Bay Boswell, General el-Burhan’ın ordunun yabancı destekçileriyle kilit muhatap olduğunu belirterek şunları ekledi: “Diğer generallerin, onun görevden alınmasının bu bağlara zarar verip vermeyeceğini tartması gerekebilir.”

Uzmanlar, çatışma yeni bir aşamaya girerken dış müdahale riskinin de arttığını söylüyor. Bunlar arasında otokratik liderinin Eylül ayında bir araya geldiği Eritre gibi komşu ülkeler de yer alıyor. Kasım Sudanlı ordu şefiyle.

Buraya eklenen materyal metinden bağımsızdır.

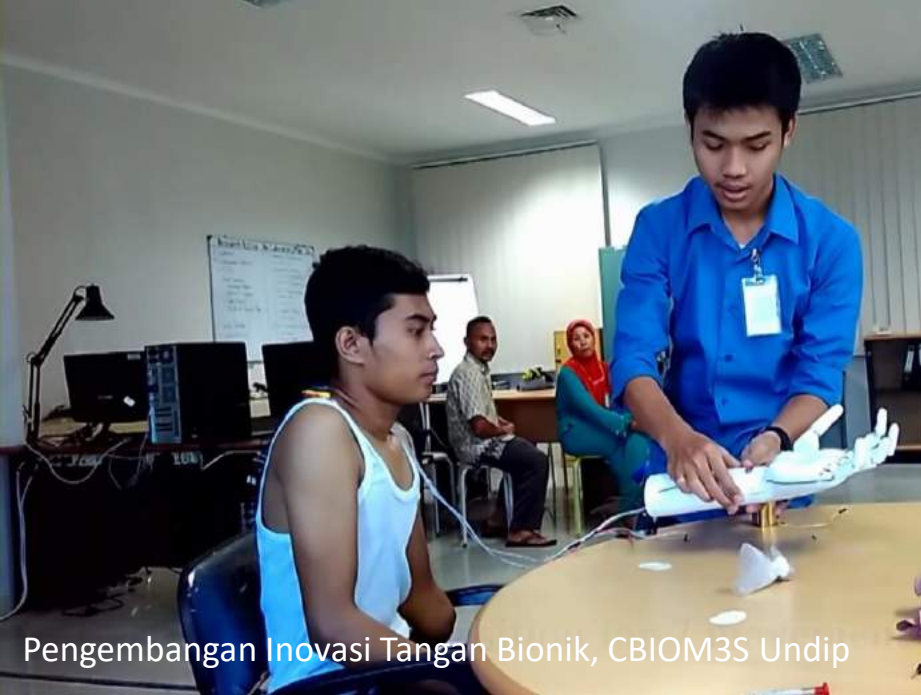
Pengembangan Inovasi Tangan Bionik, CBIOM3S Undip

9 INDUSTRY, INNOVATION AND INFRASTRUCTURE

Birleşik Arap Emirlikleri paramiliter güçlere silah ve tıbbi destek sağladı. Bu iddiaları reddediyorlar. İstikrarsızlaşmış bir Sudan, Kızıldeniz’in karşısında yer alan Suudi Arabistan için de endişe verici olacaktır.

Analist Bayan Khair, büyük bir bölgesel çatışmanın “sadece Sudan için değil, dünya için bir kabus senaryosu” olacağını söyledi.

Pek çok Sudanlı şimdilik yiyecek ve barınak bulabileceklerini umuyor. Bayan Elgunaid Çarşamba günü ateşle uyandığını ancak kaldığı köydeki eczanelerden hiçbirinin açık olmadığını söyledi. Telefon ve internet bağlantılarının yavaş olduğunu ve birçok kişinin hâlâ dışarıda uyuduğunu söyledi.

“Bundan sonra ne yapacağımız hakkında hiçbir fikrimiz yok” dedi. “Hepimiz kapana kısılmış hissediyoruz.”

Declan Walsh Demokratik Kongo Cumhuriyeti Kinşasa’dan raporlamaya katkı.